# Task:
Beginning with the line that holds "國防部今(25)日表示,迄1" and finishing with the line that holds "El Presidente Municipal", repeat the listing exactly, leaving every picture out.
--- Records supplied Enclosed Below ---
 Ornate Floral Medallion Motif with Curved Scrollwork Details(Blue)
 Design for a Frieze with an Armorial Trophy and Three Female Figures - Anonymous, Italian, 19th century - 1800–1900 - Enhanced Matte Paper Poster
--- End of Enclosed Records supplied ---
--- Records supplied Enclosed Below ---
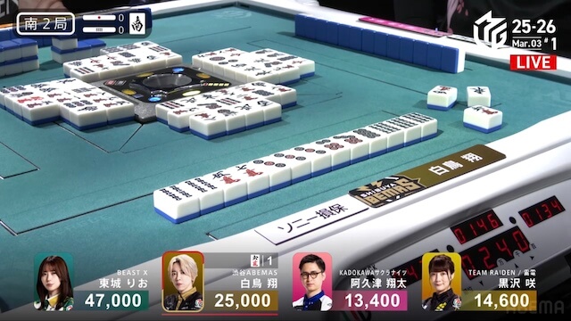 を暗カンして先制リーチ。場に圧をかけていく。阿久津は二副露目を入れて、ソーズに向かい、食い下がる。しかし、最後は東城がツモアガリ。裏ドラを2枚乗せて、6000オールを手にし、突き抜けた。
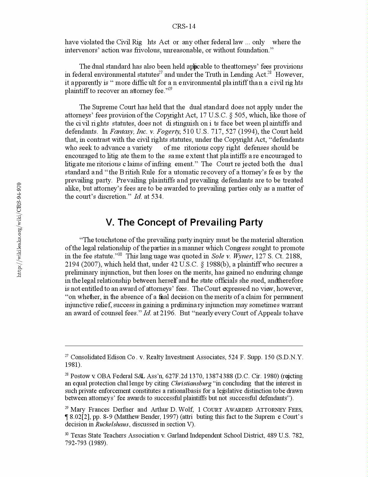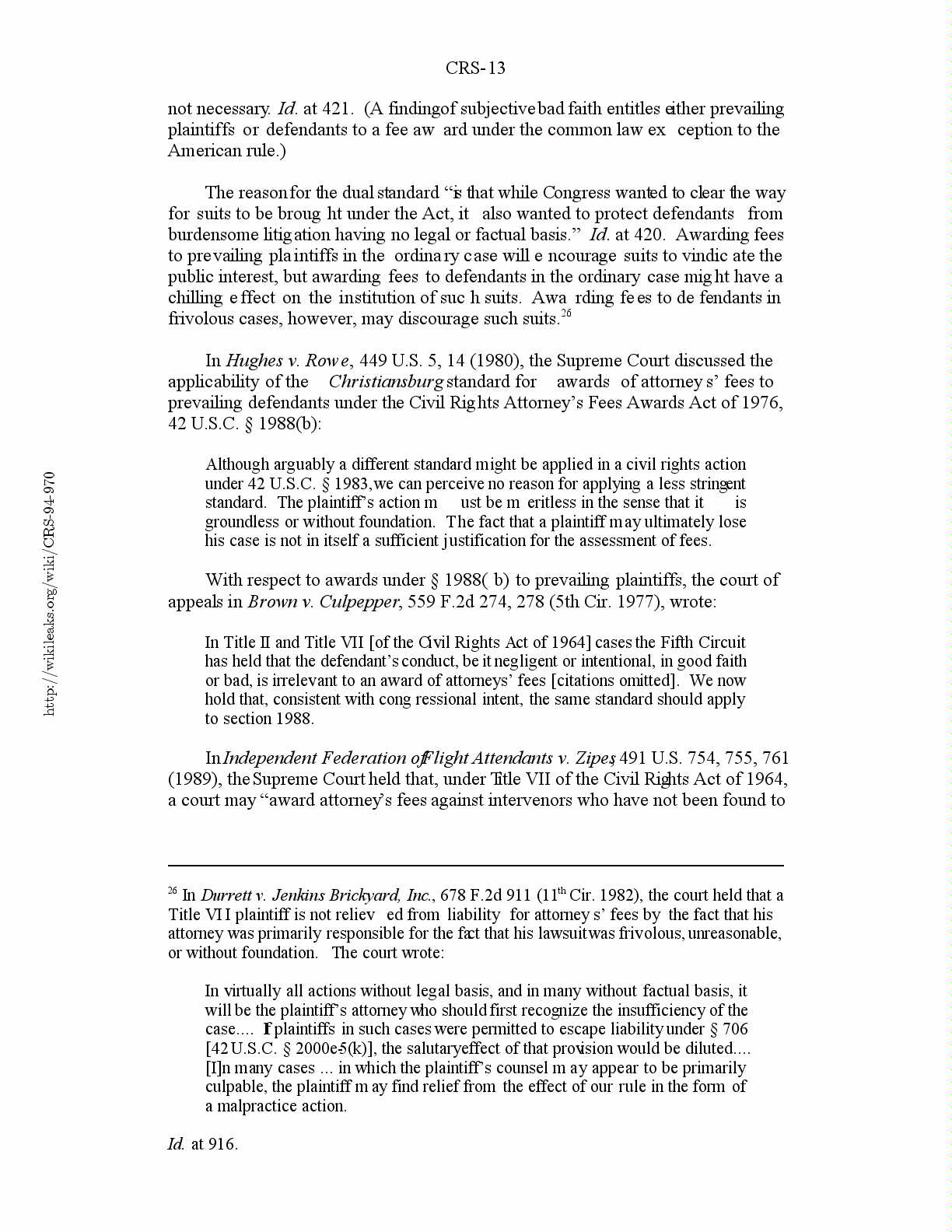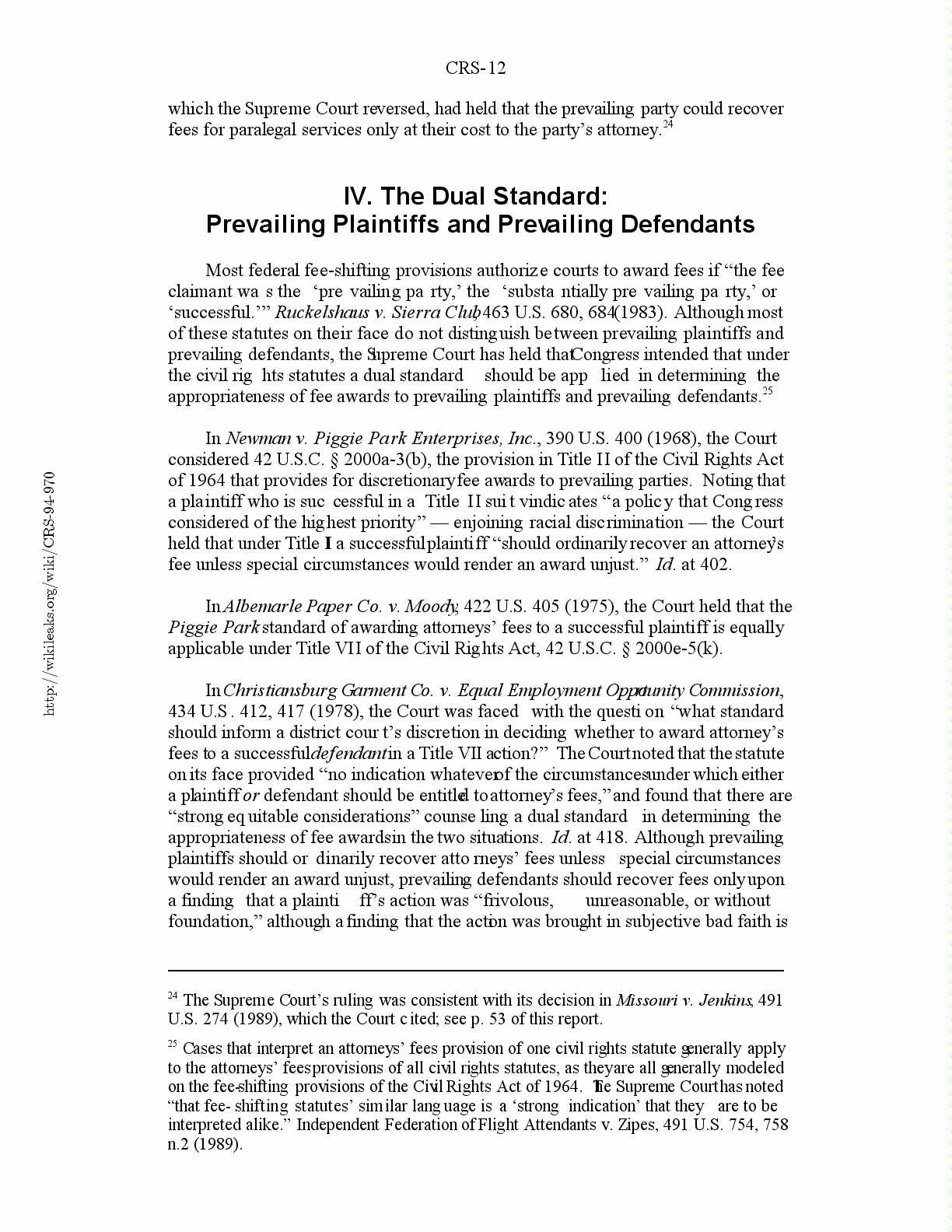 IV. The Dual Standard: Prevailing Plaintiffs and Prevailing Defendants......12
--- End of Enclosed Records supplied ---
--- Records supplied Enclosed Below ---
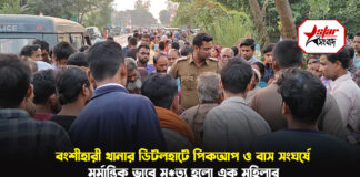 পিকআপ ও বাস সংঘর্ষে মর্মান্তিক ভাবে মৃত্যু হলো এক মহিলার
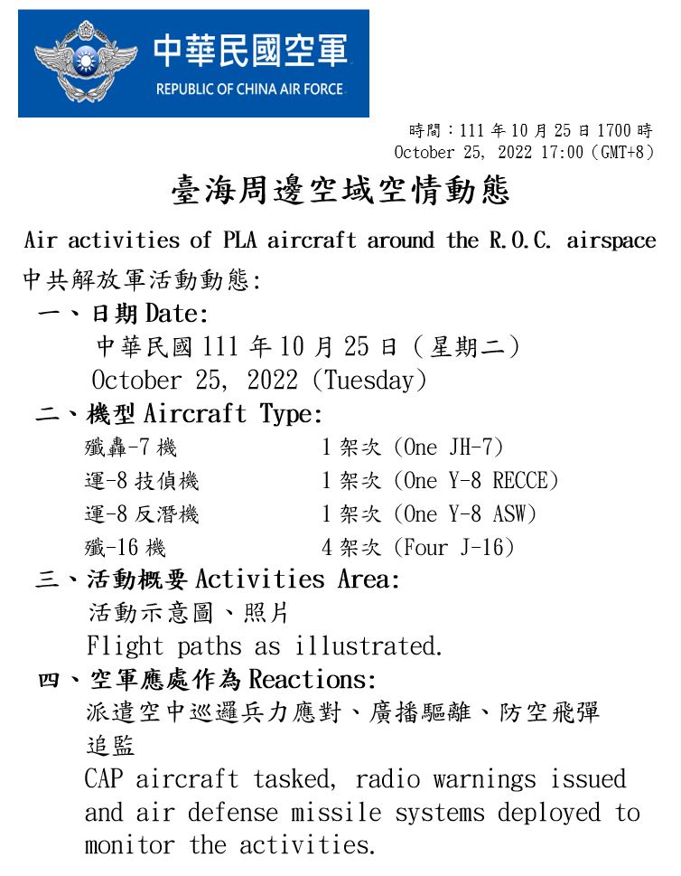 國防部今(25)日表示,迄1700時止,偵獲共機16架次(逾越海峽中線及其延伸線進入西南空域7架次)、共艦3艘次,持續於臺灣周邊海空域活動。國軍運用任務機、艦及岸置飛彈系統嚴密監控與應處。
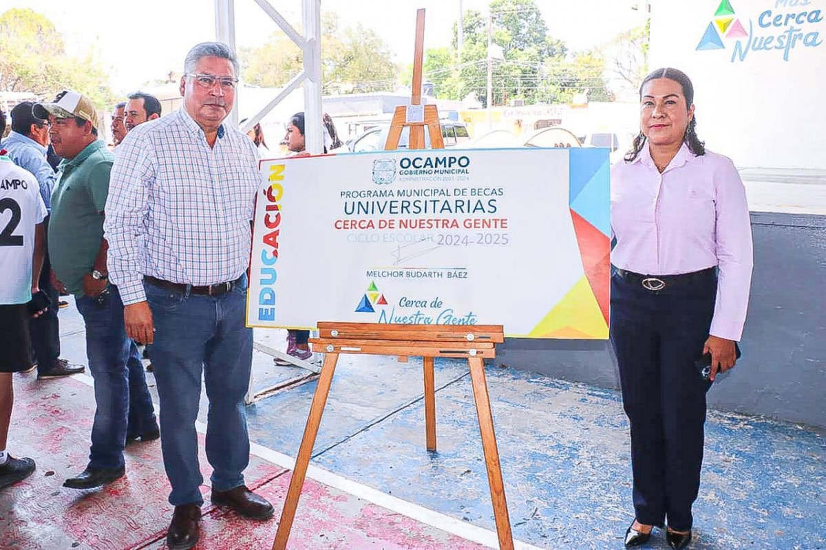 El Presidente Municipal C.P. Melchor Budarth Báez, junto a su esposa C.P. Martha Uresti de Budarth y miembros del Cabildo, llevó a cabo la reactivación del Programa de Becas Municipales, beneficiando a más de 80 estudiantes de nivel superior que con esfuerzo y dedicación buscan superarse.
--- End of Enclosed Records supplied ---
# Output for this exercise:
 國防部今(25)日表示,迄1700時止,偵獲共機16架次(逾越海峽中線及其延伸線進入西南空域7架次)、共艦3艘次,持續於臺灣周邊海空域活動。國軍運用任務機、艦及岸置飛彈系統嚴密監控與應處。
 El Presidente Municipal C.P. Melchor Budarth Báez, junto a su esposa C.P. Martha Uresti de Budarth y miembros del Cabildo, llevó a cabo la reactivación del Programa de Becas Municipales, beneficiando a más de 80 estudiantes de nivel superior que con esfuerzo y dedicación buscan superarse.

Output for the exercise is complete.